A cast photo for NTPA Collegiate Pursuits’ upcoming production of “Anything Goes” – Photo by Rob Webster, costumes by Jodi Sassano and courtesy of North Texas Performing Arts

For young, aspiring high school students, college can seem like an intimidating prospect. When faced with the unknowns of a new school and the promise of long hours of studying and practicing, the first steps toward higher education can be scary.

That’s where the North Texas Performing Arts (NTPA) Collegiate Pursuits program comes in. The program, started back in 2018, is designed to help support theater students from 10th through 12th grade transition to the collegiate world and beyond.

“One of the things we found at NTPA is that we were really good at getting our students through about 10th and 11th grade, but there wasn’t anything helping them get beyond NTPA, beyond high school,” Bethany Bourland, NTPA Collegiate Pursuits’ artistic director, said.
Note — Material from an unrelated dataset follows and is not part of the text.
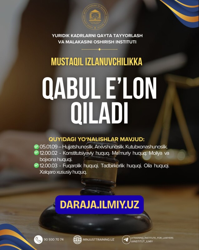 Юридик кадрларни қайта тайёрлаш ва малакасини ошириш институти ҳақида маълумот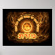 Ein feuriger Fraktal-Mizrach. Hebräischer Text mit den Worten "Mizrach" und "Mimizrach shemesh ad mevo'oh mehullal shem Adonai" (Vom Sonnenaufgang bis zu seinem Untergang ist der Name des Herrn zu loben), Psalmen 113:3. Das hebräische Wort "mizrach" (östlich) bezieht sich auf eine Zierwand, die zur Angabe der Gebetsrichtung in jüdischen Zuhause verwendet wird. Der Talmud legt die Regel fest, dass, wenn man in der Diaspora betet, er sich in Richtung Israel lenken soll. Die meisten Juden in der Diaspora leben westlich von Jerusalem, also sehen sie sich während des Gebet östlich. Mizrach kommt aus dem Wurzelwort "Zarach", das "zu leuchten" bedeutet. Mizrach bezieht sich auch auf die Mauer der Synagoge, die nach Osten zeigt, wo Sitze für den Rabbi und andere Würdenträger reserviert sind. Der Brauch beruht auf dem Gebet Salomons (I Könige 8:33, 44, 48; II Chron. 6.34 Uhr). Eine weitere Passage, die diese Regel unterstützt, findet sich im Buch von Daniel, das besagt, dass in der oberen Kammer des Hauses, wo Daniel dreimal am Tag betete, dessen Fenster in Richtung Jerusalem geöffnet wurden (Dan 6:10). Die Tosefta verlangt, dass der Eingang zur Synagoge auf der östlichen Seite mit der Gemeinde nach Westen liegt. Die Anforderung beruht wahrscheinlich auf der Ausrichtung des Zeltes der Begegnung, das seine Tore auf der Ostseite hatte (Num 2:2-3; 3:38), oder Solomons Tempel, dessen Portale im Osten waren (Ezek 43:1-4). Maimonides versuchte, die Bestimmung der Tosefta mit der Forderung in Einklang zu bringen, in Richtung Jerusalem zu beten, indem er erklärte, dass die Türen der Synagoge nach Osten zeigen sollten, während die Arche "in die Richtung gestellt werden sollte, in die die Menschen in dieser Stadt beten", d.h. in Richtung Jerusalem. Die Shulkhan Arukh Platten die gleiche Regel, aber sie empfiehlt auch, sich in Richtung Südosten zu drehen, anstatt nach Osten, um den Anschein zu vermeiden, die Sonne zu verehren. Wenn eine Person nicht in der Lage ist, die Punkte des Kardinals zu ermitteln, sollte sie ihr Herz in Richtung Jerusalem lenken. Es ist in den jüdischen Zuhause üblich, die Mauer in Richtung Mizrah zu markieren, um das Gebet zu erleichtern. Zu diesem Zweck verwenden die Menschen künstlerische Wandschilder, die mit dem Wort mizrah und biblischen Passagen wie "Vom aufgehenden (mi-mizrah) der Sonne bis hin zu ihrem Untergang, der Name des Herrn ist zu loben" (S. 113:3), kabbalistische Inschriften oder Bilder von heiligen Orten. Diese Plaques sind in der Regel in Räumen untergebracht, in denen Menschen beten, wie zum Beispiel im Wohnzimmer oder in den Schlafzimmern.

Back in November 2021, Bourland and now-current NTPA Collegiate Pursuits Program Director Kameron Knott found themselves tasked with leading the program into the future. They developed a comprehensive curriculum designed to help ease students’ growing pains as they pursued a future in higher education in theater and connect them with top collegiate programs from around the country.

“I think that the jump from your standard high school or youth theater programming to collegiate level work can be very daunting,” Knott said. “Bethany and I both attended the University of Oklahoma and got our Bachelors of Fine Arts in acting there, and I was very lucky to have a high school program that prepared me for that, but I saw a lot of people who didn’t have them, and that jump is really scary.”

“Our goal is to essentially help high school students achieve their collegiate goals in the performing arts,” Bourland said.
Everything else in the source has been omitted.